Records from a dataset
▼

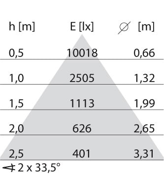 faible éblouissement selon EN 12464-1 (UGR Inf. à 19):
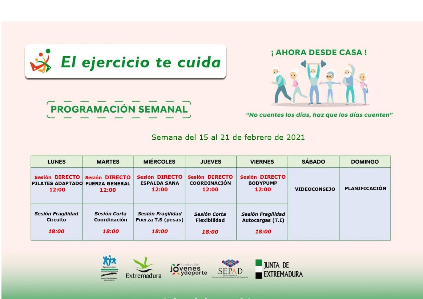 Esta semana las videosesiones y directos, además de las actividades ya familiares destinadas a fuerza, coordinación, flexibilidad y ejercicios para el tren superior e inferior o mantener una espalda sana, también incorpora una sesión de pilates adaptado y otra de bodyjump. La semana concluirá con el videoconsejo del sábado.
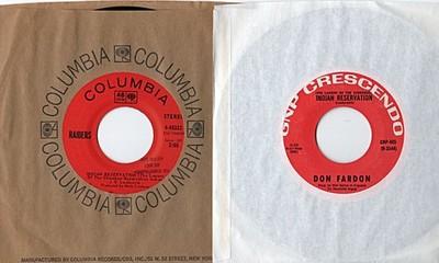 Back in 1968 I stashed some copies of records we were playing on the radio station, including the John D. Loudermilk song Indian Reservation by Don Fardon. It was a big hit, went to #20 in the U.S., #3 in UK. Then in 1971, the Raiders decided to record it. It was an even bigger hit, going to #1 on Billboard. I took a copy of that one home too. Never played them--they are virgin vinyl. I thought it would be fun to make them both available in such good condition for collectors. So here you go! The two hit version of The Lament of the Cherokee Indian Reservation, by Don Fardon and The Raiders! You'll have both to compare.
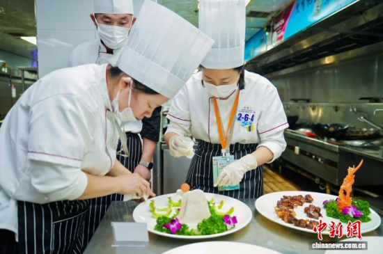 當天上午,多支代表隊在后廚忙碌,操作臺上,參賽廚師依照藥膳指導師開具的方子,將精選的人參等藥材進行預處理,再與母雞、松花江魚等主料一同入鍋!斑@道湯適合體虛者,我們控制了人參用量,確保其口味和養(yǎng)生功效!币晃贿x手介紹。
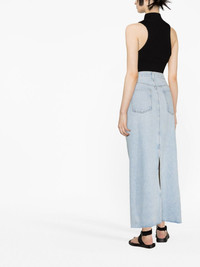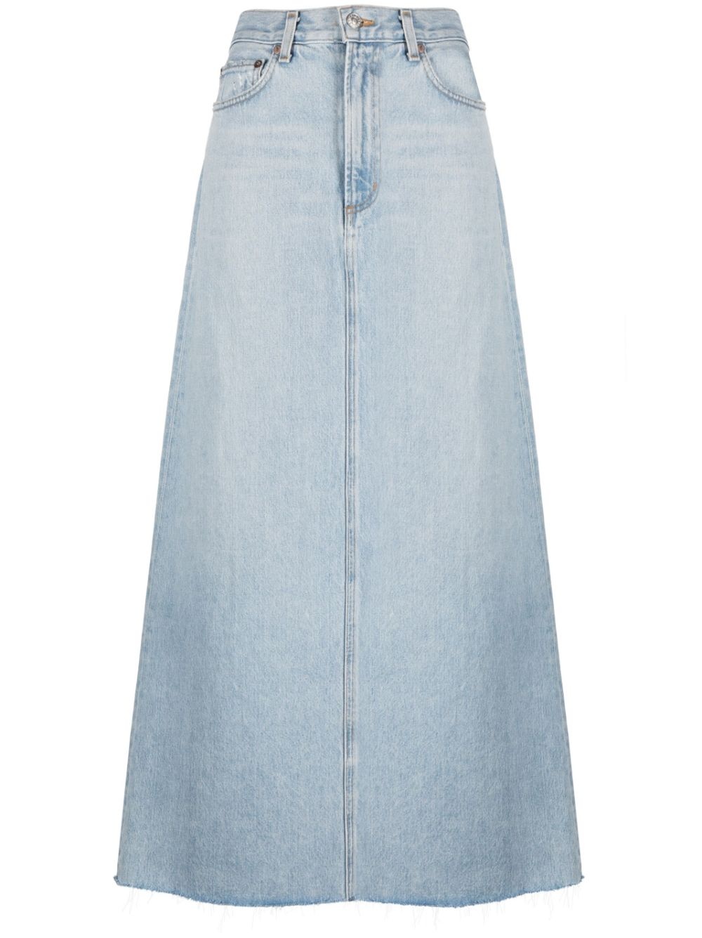 maxi denim skirt Highlights - Light blue - Organic cotton - Mid-rise - Belt loops - Frayed edge - Central rear vent - Front button and zip fastening - Classic five pockets - Ankle-length Made in United Kingdom Composition Organic Cotton 100% SIZE & FIT Model measurements Height 5 ft 10 in(1.77 m) Bust/Chest 31.49 in(80 cm) Hips 35.03 in(89 cm) Waist 23.22 in(59 cm) FittingInformation This midi-length skirt is intended to be worn just below the waist Sturdy and hard-wearing, this denim piece offers no stretch This piece fits true to size – take your usual size Washing instructions Machine Wash
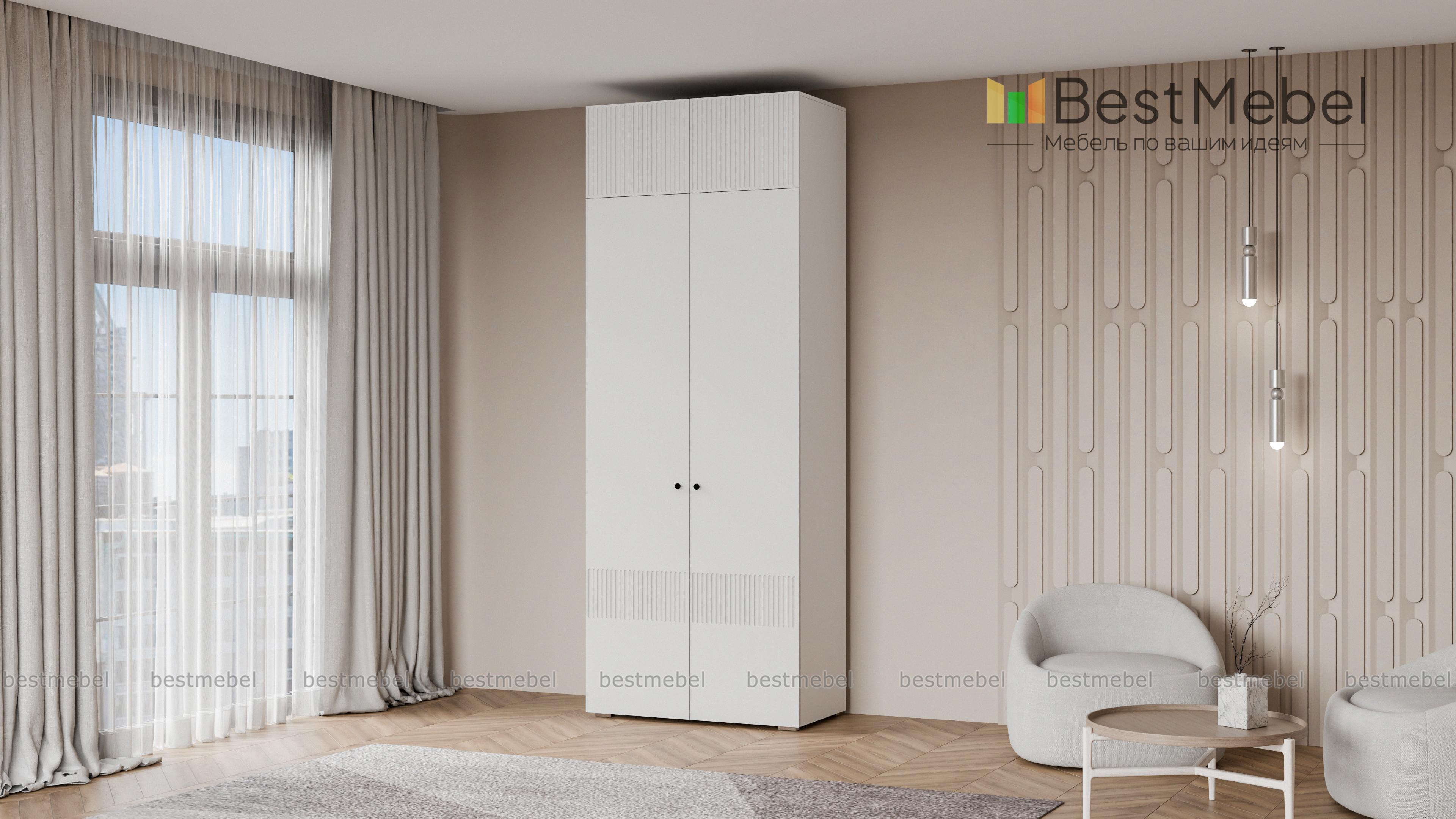 Шкаф распашной Джосс 8 BMS поможет эстетично организовать хранение, даже если пространство ограничено. За двумя дверцами, украшенными вертикальной фрезеровкой, — платяное отделение для одежды на вешалках и полка под коробки с аксессуарами. Дополнительный отсек сверху добавляет небольшому шкафу полезного объема, позволяя разместить сезонные или габаритные вещи. Купить шкаф распашной Джосс 8 BMS, изготовленный по индивидуальным размерам, вы сможете на сайте нашего интернет-магазина.
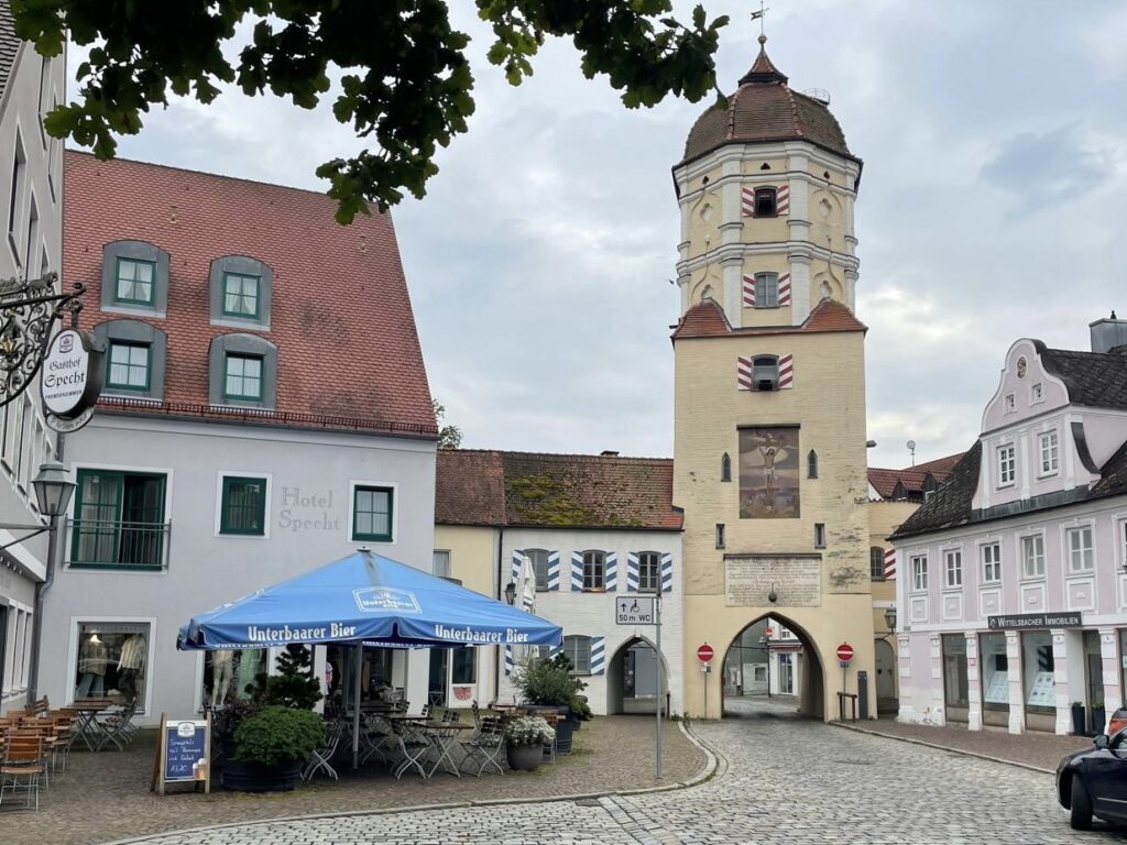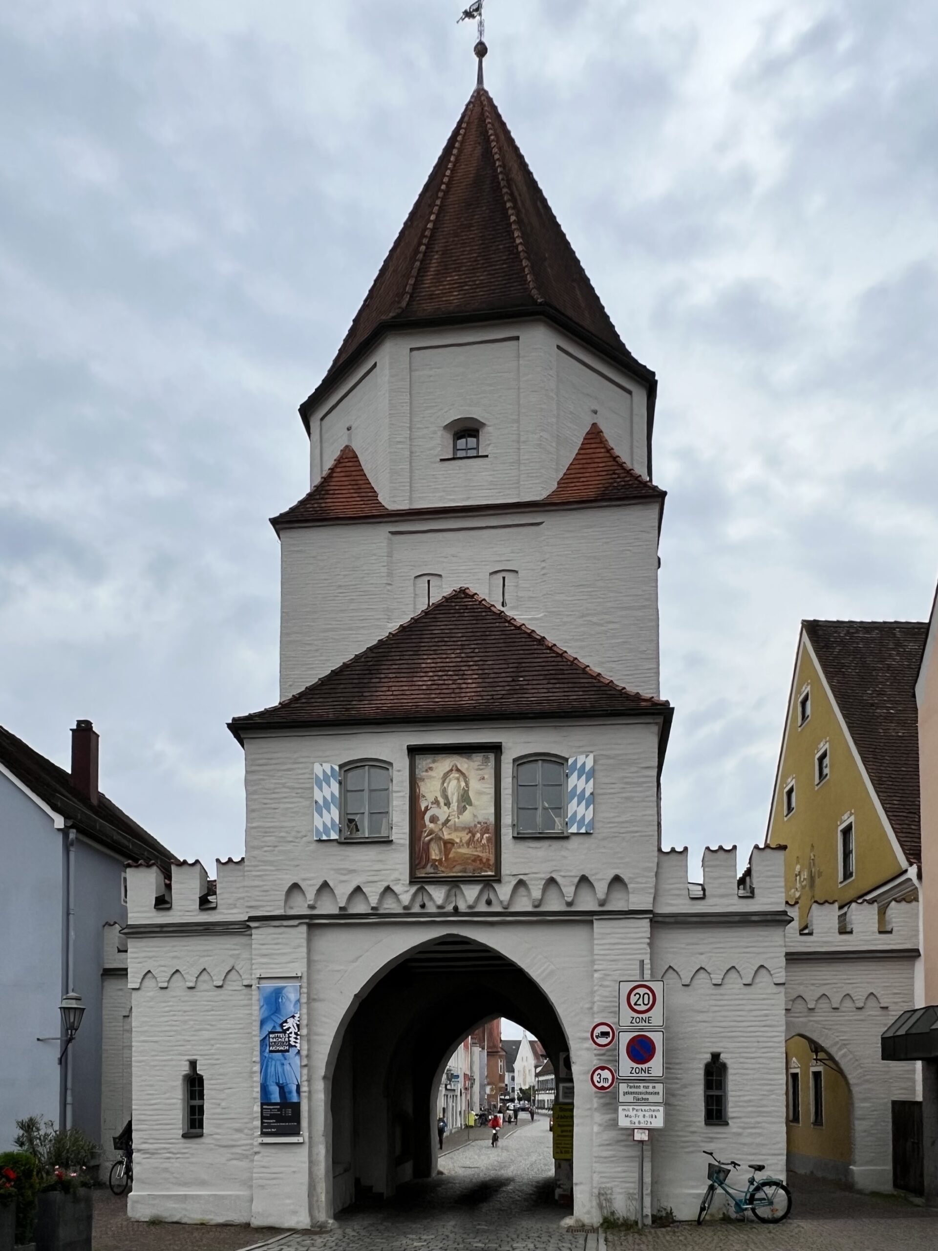 Op een oude stadspoort van Aichach is een schildering van Maria en een ridder, die een blad vasthoudt met de tekst: Verlos ons van alle plagen. In de stad zijn ook schilderingen tegen gevels te bekijken.
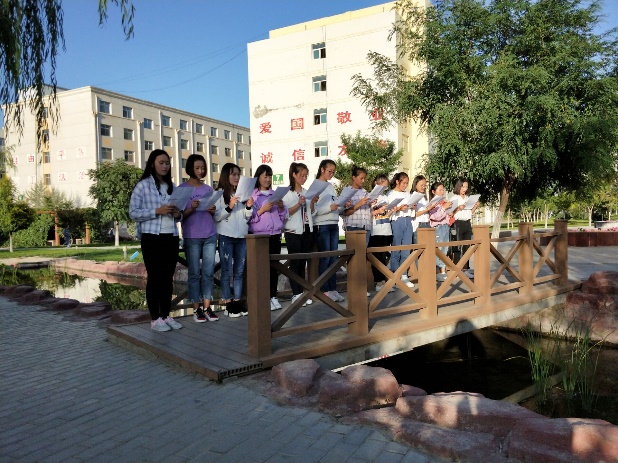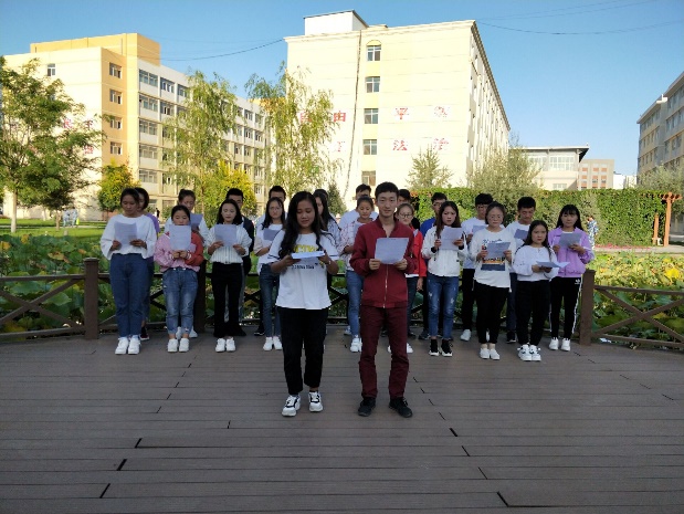 同學(xué)們分別在圖書(shū)館、荷花池等地方進(jìn)行詩(shī)詞朗誦及詩(shī)詞交流。朗誦的詩(shī)詞主要有明代張恒的《涼州詞》、唐代李白的《關(guān)山月》及唐代王昌齡的《從軍行》等多篇優(yōu)秀作品。
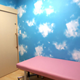 処置室の中には、青空や森のあしらい。目を奪われているうちに、診察は終わっています。

▲

TASK PROMPT: This exercise calls for a verbatim output of the entries, pictures omitted.

RESPONSE TO THE TASK:
 faible éblouissement selon EN 12464-1 (UGR Inf. à 19):
 Esta semana las videosesiones y directos, además de las actividades ya familiares destinadas a fuerza, coordinación, flexibilidad y ejercicios para el tren superior e inferior o mantener una espalda sana, también incorpora una sesión de pilates adaptado y otra de bodyjump. La semana concluirá con el videoconsejo del sábado.
 Back in 1968 I stashed some copies of records we were playing on the radio station, including the John D. Loudermilk song Indian Reservation by Don Fardon. It was a big hit, went to #20 in the U.S., #3 in UK. Then in 1971, the Raiders decided to record it. It was an even bigger hit, going to #1 on Billboard. I took a copy of that one home too. Never played them--they are virgin vinyl. I thought it would be fun to make them both available in such good condition for collectors. So here you go! The two hit version of The Lament of the Cherokee Indian Reservation, by Don Fardon and The Raiders! You'll have both to compare.
 當天上午,多支代表隊在后廚忙碌,操作臺上,參賽廚師依照藥膳指導師開具的方子,將精選的人參等藥材進行預處理,再與母雞、松花江魚等主料一同入鍋!斑@道湯適合體虛者,我們控制了人參用量,確保其口味和養(yǎng)生功效!币晃贿x手介紹。
 maxi denim skirt Highlights - Light blue - Organic cotton - Mid-rise - Belt loops - Frayed edge - Central rear vent - Front button and zip fastening - Classic five pockets - Ankle-length Made in United Kingdom Composition Organic Cotton 100% SIZE & FIT Model measurements Height 5 ft 10 in(1.77 m) Bust/Chest 31.49 in(80 cm) Hips 35.03 in(89 cm) Waist 23.22 in(59 cm) FittingInformation This midi-length skirt is intended to be worn just below the waist Sturdy and hard-wearing, this denim piece offers no stretch This piece fits true to size – take your usual size Washing instructions Machine Wash
 Шкаф распашной Джосс 8 BMS поможет эстетично организовать хранение, даже если пространство ограничено. За двумя дверцами, украшенными вертикальной фрезеровкой, — платяное отделение для одежды на вешалках и полка под коробки с аксессуарами. Дополнительный отсек сверху добавляет небольшому шкафу полезного объема, позволяя разместить сезонные или габаритные вещи. Купить шкаф распашной Джосс 8 BMS, изготовленный по индивидуальным размерам, вы сможете на сайте нашего интернет-магазина.
 Op een oude stadspoort van Aichach is een schildering van Maria en een ridder, die een blad vasthoudt met de tekst: Verlos ons van alle plagen. In de stad zijn ook schilderingen tegen gevels te bekijken.
 同學(xué)們分別在圖書(shū)館、荷花池等地方進(jìn)行詩(shī)詞朗誦及詩(shī)詞交流。朗誦的詩(shī)詞主要有明代張恒的《涼州詞》、唐代李白的《關(guān)山月》及唐代王昌齡的《從軍行》等多篇優(yōu)秀作品。
 処置室の中には、青空や森のあしらい。目を奪われているうちに、診察は終わっています。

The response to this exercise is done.